Thanks, can I add a "Tested-by:" from you?
(when I have my final version)
index 996920ed1812..cf0fa9a785c7 100644 --- a/kernel/trace/trace_events_filter.c +++ b/kernel/trace/trace_events_filter.c @@ -5,6 +5,7 @@
- Copyright (C) 2009 Tom Zanussi tzanussi@gmail.com
*/ +#include <linux/uaccess.h> #include <linux/module.h> #include <linux/ctype.h> #include <linux/mutex.h> @@ -654,12 +655,50 @@ DEFINE_EQUALITY_PRED(32); DEFINE_EQUALITY_PRED(16); DEFINE_EQUALITY_PRED(8); +/* user space strings temp buffer */ +#define USTRING_BUF_SIZE 512
Should it be PATH_MAX(4096) in case of matching against a file path?
I went back and forth with this size in my head, and since I currently do not free it, and it is 4 * nr_cpus in size, I went with the smallest number I felt was OK.
We can increase it in the future, and even expose the size to user space.
+struct ustring_buffer {
- char buffer[USTRING_BUF_SIZE];
+};
+static __percpu struct ustring_buffer *ustring_per_cpu;
+static __always_inline char *test_string(char *str) +{
- struct ustring_buffer *ubuf;
- char __user *ustr;
- char *kstr;
- if (!ustring_per_cpu)
return NULL;
- ubuf = this_cpu_ptr(ustring_per_cpu);
- kstr = ubuf->buffer;
- if (likely((unsigned long)str >= TASK_SIZE)) {
/* For safety, do not trust the string pointer */
if (!strncpy_from_kernel_nofault(kstr, str, USTRING_BUF_SIZE))
Since no other trace_event_class except event_class_syscall_enter tries to uaccess, so the unreliable source only comes from event_class_syscall_enter.
In that case, the access to kernel address is forbidden. So here just return -EACCES ?
I changed the way all pointers work. Any event that access a string pointer (there are a few), and we filter on it, then I want it to go through this path.

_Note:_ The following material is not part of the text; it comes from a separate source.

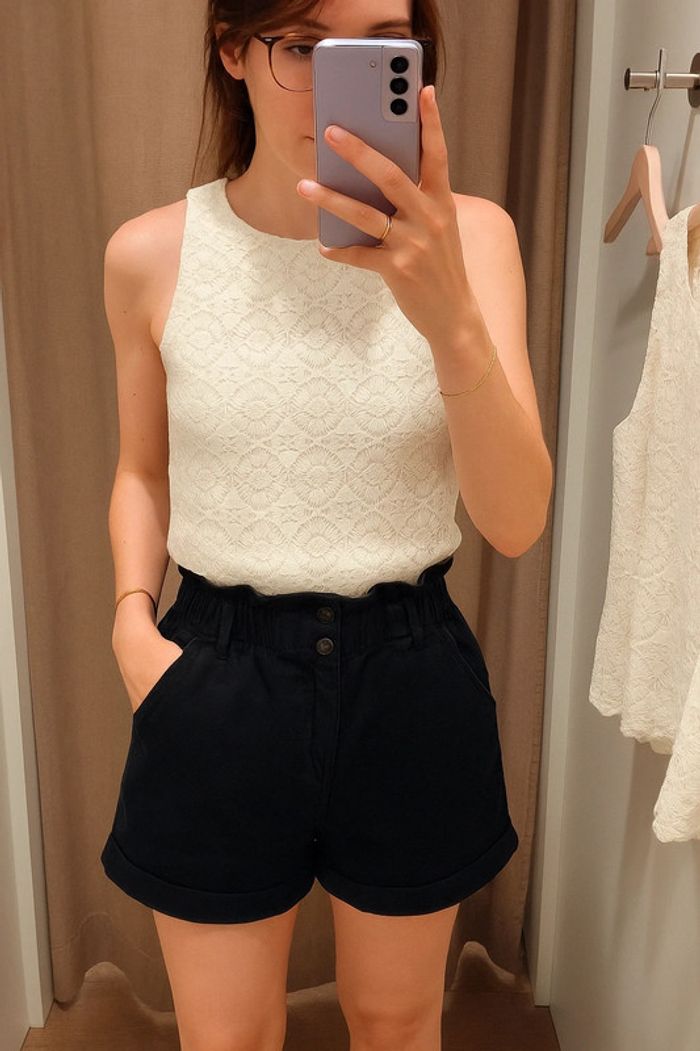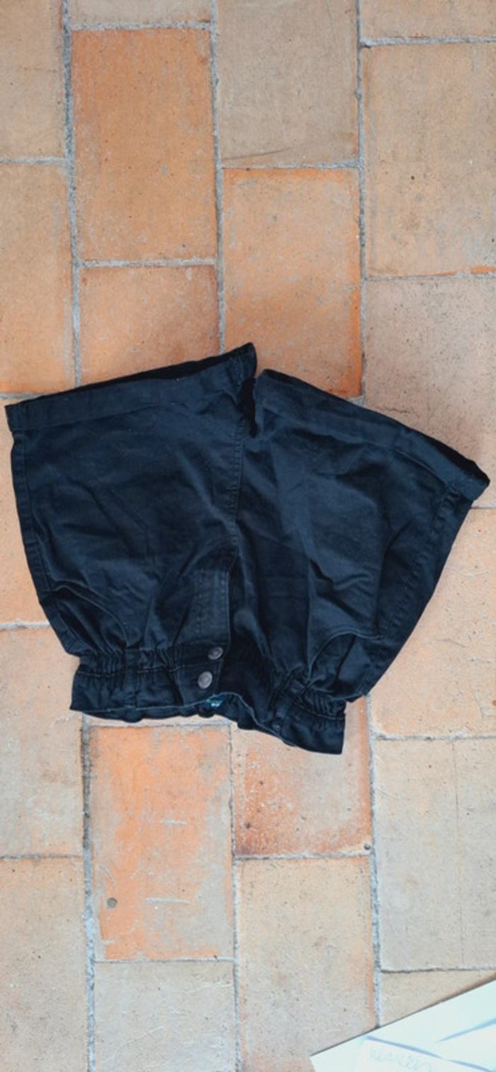 Short taille haute noir style paperbag Description : Short noir en coton style paperbag, taille haute avec élastique à la taille. Deux poches sur les côtés, revers en bas, très confortable et léger. Fermeture par bouton + zip. Parfait pour le printemps/été, facile à assortir avec un haut en dentelle ou un t-shirt simple. Taille : 34 (convient aussi à un 32 grâce à la taille élastique) État : état neuf Marque : kiabi Couleur : noir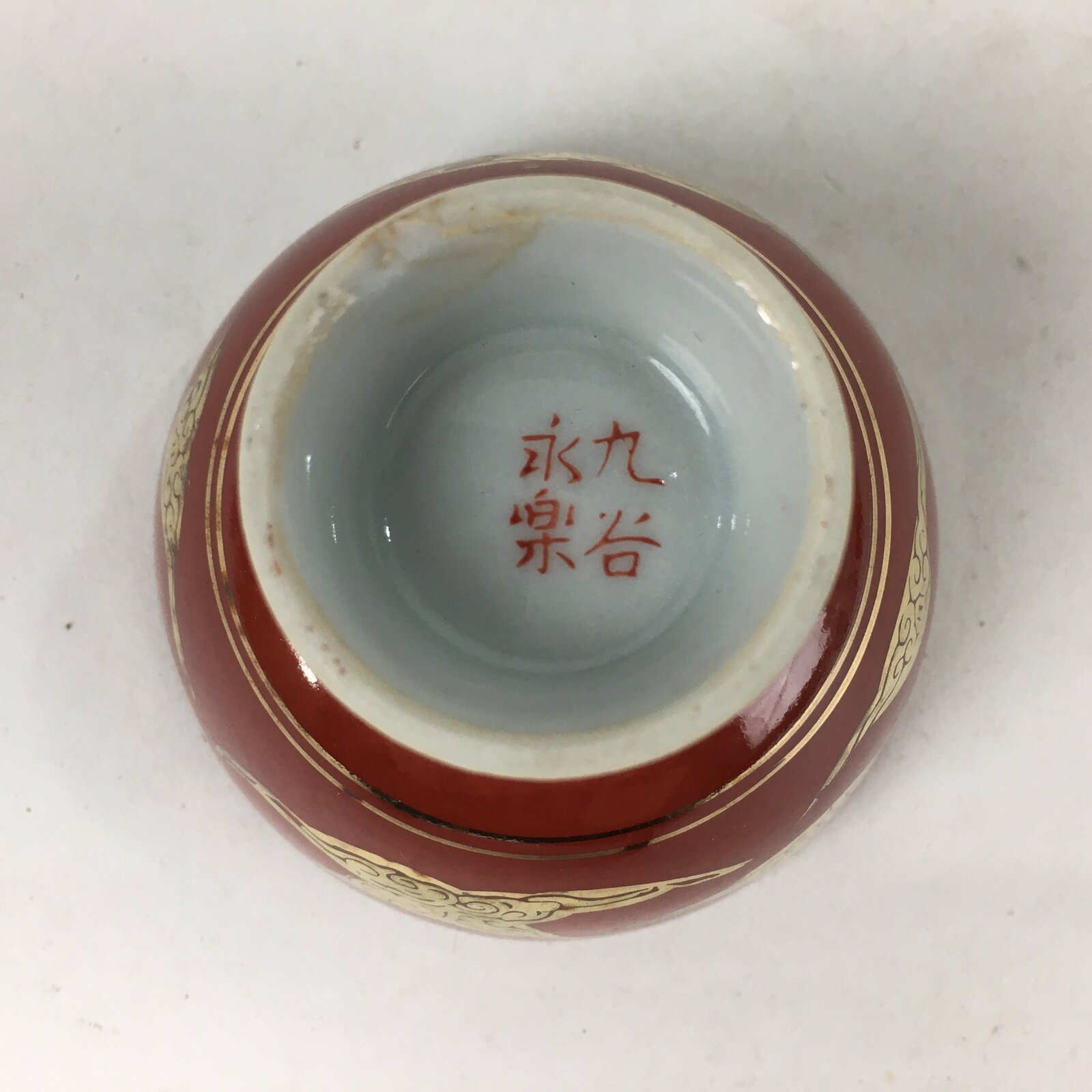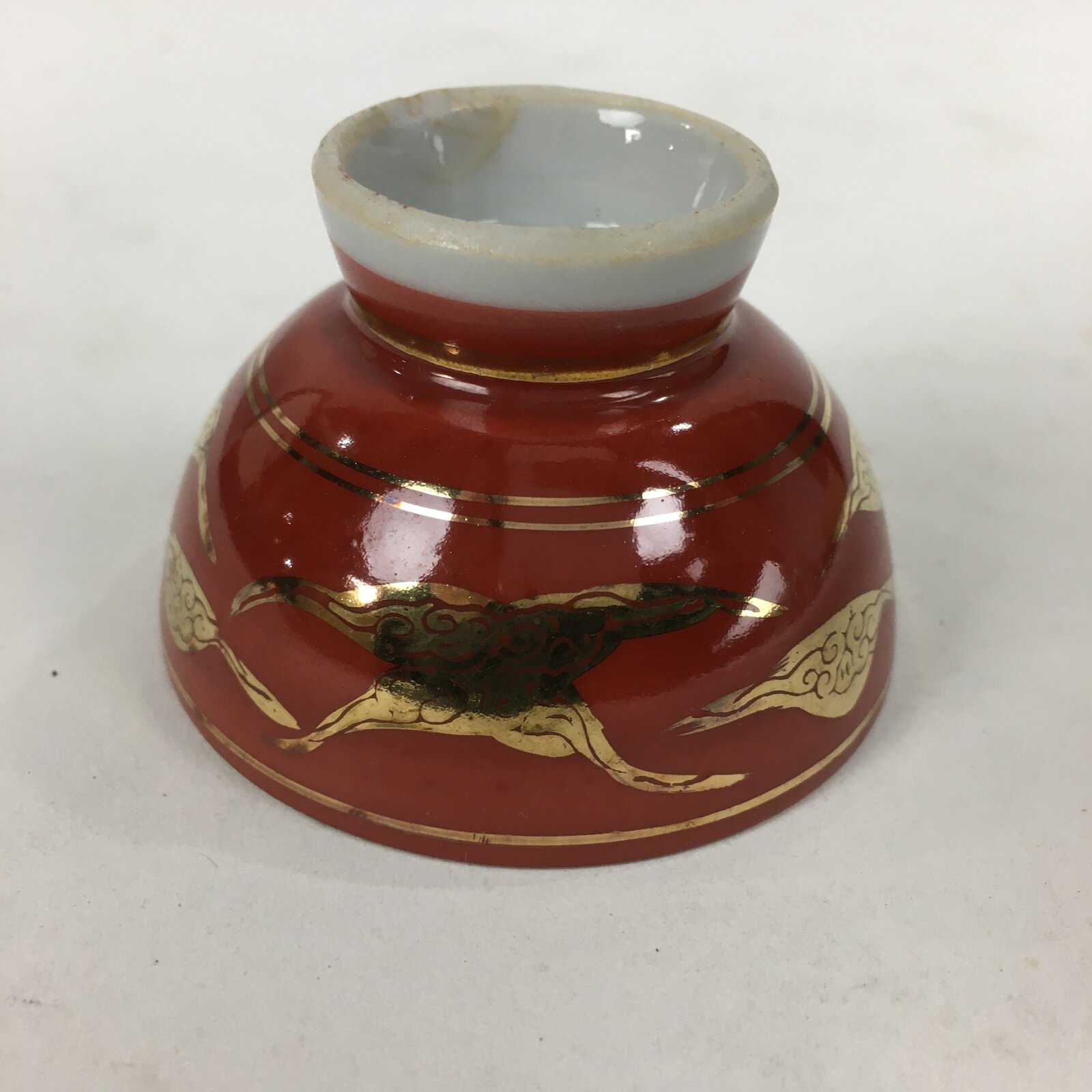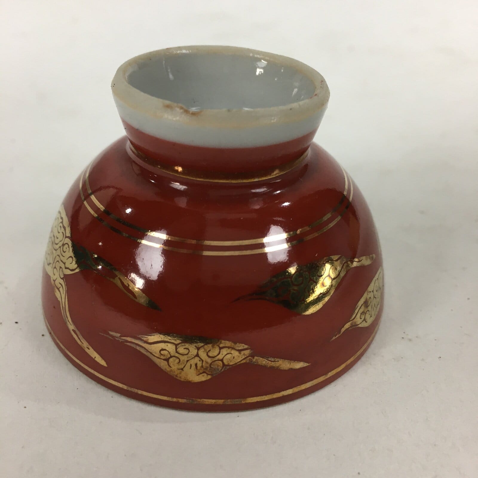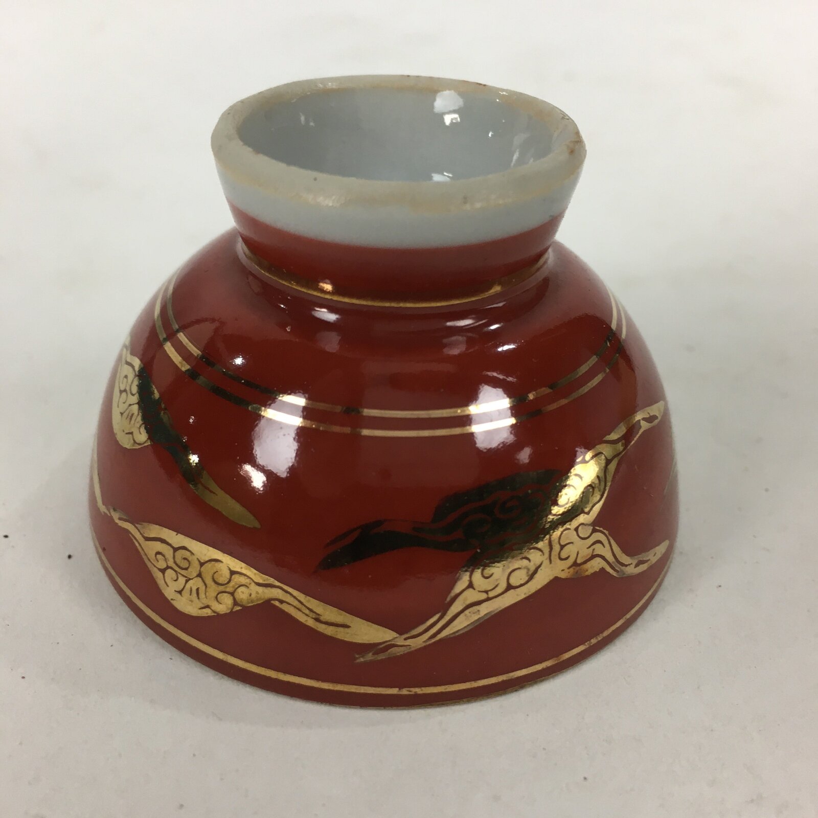 January 19, 2026Japanese Porcelain Kutani Ware Sake Cup Vtg Guinomi Ochoko Red Gold Crane GU999

And returning -EACCES is useless this is done in the filtering logic and that error will not be exposed to anyone. The best we can do is to fail the filter.
return NULL;
- } else {
/* user space address? */
ustr = str;
if (!strncpy_from_user_nofault(kstr, ustr, USTRING_BUF_SIZE))
return NULL;
- }
- return kstr;
+}
/* Filter predicate for fixed sized arrays of characters */ static int filter_pred_string(struct filter_pred *pred, void *event) { char *addr = (char *)(event + pred->offset); int cmp, match;
- addr = test_string(addr);
Among all of trace_event_class, only event_class_syscall_enter exposed to this fault (uprobe does not uaccess). So I think the strncpy_*() can be avoided based on class, which improves performance.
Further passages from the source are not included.